Nous quittons la taverne. Je clopine à côté de Fabrizio, cramponné à son cou comme un naufragé à une planche de bois. Il me porte plus que je ne marche. Les rues se réduisent à des ombres floues emplies des bourdonnements de la ville. Des corps nous frôlent. Le parfum des épices et des étoffes sur les étals se mêle à l'odeur âcre du vin qui imprègne mes vêtements. Tout danse devant mes yeux comme si le monde était pris de folie.
Des bottes claquent sur les pavés. Des armures de métal cliquettent juste en face de nous.
— Eh, dis donc, toi ! interpelle une voix autoritaire. Qu'est-ce qu'il a ton compagnon ?
— Ah, le petiot ? répond Fabrizio avec un accent traînant aviné. Bah, à peine que'ques verres de vin et déjà il n'tient plus d'bout. Il s'réveillera demain avec tous les saints qui dansent la gigue au fond d'son crâne, c'est moi qui vous l'dis !
— Pouah ! Il empeste à plein nez ! Allez cuver votre vinasse plus loin, tous les deux ! Circulez !
Les bruits de bottes s'estompent. Dans une demi-conscience, je loue les talents d'acteur de notre chef de troupe.
Nous franchissons enfin les portes de la ville et Fabrizio sert aux gardes la même comédie. Dès que nous sommes suffisamment éloignés, l'Italien me hisse de nouveau sur son dos.
— Accroche-toi bien, petit, m'encourage-t-il. Nous avons encore un peu de trajet à faire.
Je serre de toutes mes forces mes mains autour de ses épaules. Je dois me concentrer à chaque instant pour ne pas glisser, ne pas lâcher prise, pas encore. Toute ma volonté reste braquée sur cet unique objectif.

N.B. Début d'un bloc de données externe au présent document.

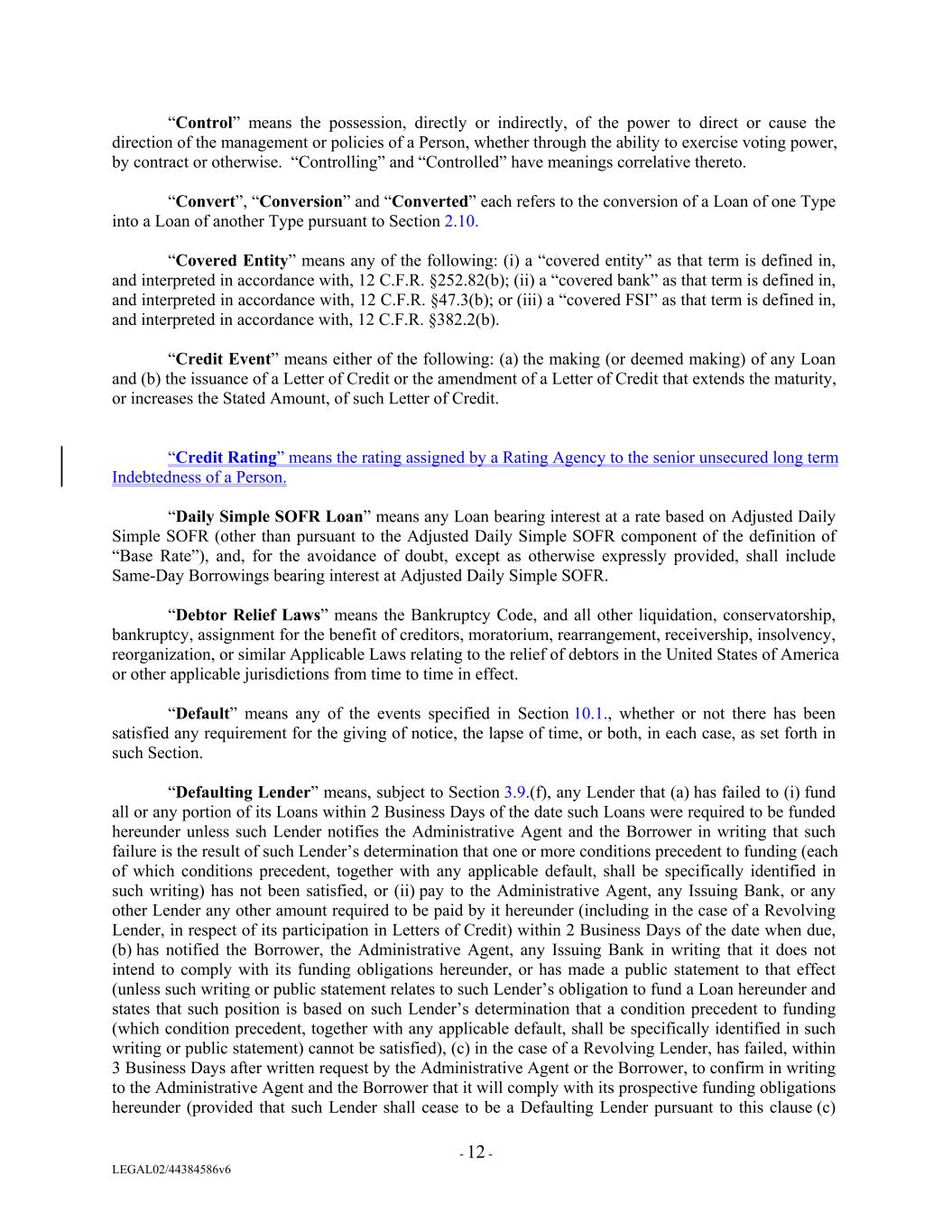 “Control” means the possession, directly or indirectly, of the power to direct or cause the direction of the management or policies of a Person, whether through the ability to exercise voting power, by contract or otherwise. “Controlling” and “Controlled” have meanings correlative thereto. “Convert”, “Conversion” and “Converted” each refers to the conversion of a Loan of one Type into a Loan of another Type pursuant to Section 2.10. “Covered Entity” means any of the following: (i) a “covered entity” as that term is defined in, and interpreted in accordance with, 12 C.F.R. §252.82(b); (ii) a “covered bank” as that term is defined in, and interpreted in accordance with, 12 C.F.R. §47.3(b); or (iii) a “covered FSI” as that term is defined in, and interpreted in accordance with, 12 C.F.R. §382.2(b). “Credit Event” means either of the following: (a) the making (or deemed making) of any Loan and (b) the issuance of a Letter of Credit or the amendment of a Letter of Credit that extends the maturity, or increases the Stated Amount, of such Letter of Credit. “Credit Rating” means the rating assigned by a Rating Agency to the senior unsecured long term Indebtedness of a Person. “Daily Simple SOFR Loan” means any Loan bearing interest at a rate based on Adjusted Daily Simple SOFR (other than pursuant to the Adjusted Daily Simple SOFR component of the definition of “Base Rate”), and, for the avoidance of doubt, except as otherwise expressly provided, shall include Same-Day Borrowings bearing interest at Adjusted Daily Simple SOFR. “Debtor Relief Laws” means the Bankruptcy Code, and all other liquidation, conservatorship, bankruptcy, assignment for the benefit of creditors, moratorium, rearrangement, receivership, insolvency, reorganization, or similar Applicable Laws relating to the relief of debtors in the United States of America or other applicable jurisdictions from time to time in effect. “Default” means any of the events specified in Section 10.1., whether or not there has been satisfied any requirement for the giving of notice, the lapse of time, or both, in each case, as set forth in such Section. “Defaulting Lender” means, subject to Section 3.9.(f), any Lender that (a) has failed to (i) fund all or any portion of its Loans within 2 Business Days of the date such Loans were required to be funded hereunder unless such Lender notifies the Administrative Agent and the Borrower in writing that such failure is the result of such Lender’s determination that one or more conditions precedent to funding (each of which conditions precedent, together with any applicable default, shall be specifically identified in such writing) has not been satisfied, or (ii) pay to the Administrative Agent, any Issuing Bank, or any other Lender any other amount required to be paid by it hereunder (including in the case of a Revolving Lender, in respect of its participation in Letters of Credit) within 2 Business Days of the date when due, (b) has notified the Borrower, the Administrative Agent, any Issuing Bank in writing that it does not intend to comply with its funding obligations hereunder, or has made a public statement to that effect (unless such writing or public statement relates to such Lender’s obligation to fund a Loan hereunder and states that such position is based on such Lender’s determination that a condition precedent to funding (which condition precedent, together with any applicable default, shall be specifically identified in such writing or public statement) cannot be satisfied), (c) in the case of a Revolving Lender, has failed, within 3 Business Days after written request by the Administrative Agent or the Borrower, to confirm in writing to the Administrative Agent and the Borrower that it will comply with its prospective funding obligations hereunder (provided that such Lender shall cease to be a Defaulting Lender pursuant to this clause (c) - 12 - LEGAL02/44384586v6

Nous quittons la route principale. Je distingue un chemin de terre perdu au milieu du brouillard. Des formes floues défilent autour de nous, vertes, brunes, jaunes. L'odeur sucrée des fleurs me chatouille les narines. Je ne sais plus où je suis, mais cela n'a pas vraiment d'importance. Un bruit de course vient à notre rencontre. Une voix chaude, aux accents espagnols, s'écrie avec soulagement :
— Señor Fabrizio ! Comme je suis content de vous voir enfin ! J'étais si inquiet ! Je me demandais si...
Pedro s'interrompt brutalement et reprend d'un ton catastrophé :
— Qu'est-il arrivé à Guillaume ?
— Blessé par Torque. Peux-tu le porter un moment ? Je n'en peux plus.
Des bras solides m'enveloppent. Ils me retiennent dans un cocon protecteur, comme un petit enfant. Je ferme les yeux. Mes muscles tétanisés se relâchent. Je n'ai plus besoin de me cramponner.
— Tous les autres sont déjà rentrés. Nous avons bougé les carrioles. Comme nous ne savions pas si... enfin, je vais vous conduire. Par ici !
Nous marchons ainsi un certain temps et je me laisse bercer avec abandon. Je sens à peine la douleur lancinante qui irradie dans mon dos. Ma tête, légère, aérienne, paraît sur le point de s'envoler.
Des appels s'élèvent à notre approche, des éclats de paroles lointaines. Mes compagnons, mes amis ! J'ouvre les yeux sur le bleu infini du ciel. Je veux descendre, marcher. Je n'ai plus mal. Je me tortille et Pedro me laisse faire. Des visages flous s'avancent vers moi. Des voix me parviennent au travers d'un épais voile de coton. J'ai de la peine à saisir leurs paroles. Pourquoi s'agitent-ils ainsi ? J'esquisse un sourire, fais un pas en avant, mais le sol se dérobe, facétieux. Il monte vers moi brutalement. Deux mains solides me rattrapent. J'entends une voix, plus claire, impérieuse, qui perce le brouillard qui m'entoure. Elle m'évoque une forêt enchantée, un lac aux flots gris, des cheveux de feu.
— Va le poser dans le chariot, doucement. Quant à toi, Pedro, apporte-moi de l'eau, des bandages ! Je ne veux personne autour de moi ! Je vais avoir besoin de calme. Vous attendez dehors.
L'atmosphère change. Tout s'assombrit. Les bras chauds m'allongent sur un matelas de paille. Un visage pâle se penche sur moi, encadré de cheveux noirs. Des yeux inquiets cherchent les miens, des yeux de la couleur de l'océan sous le gris du ciel. Je me noie dans ce regard et sombre dans l'inconscience.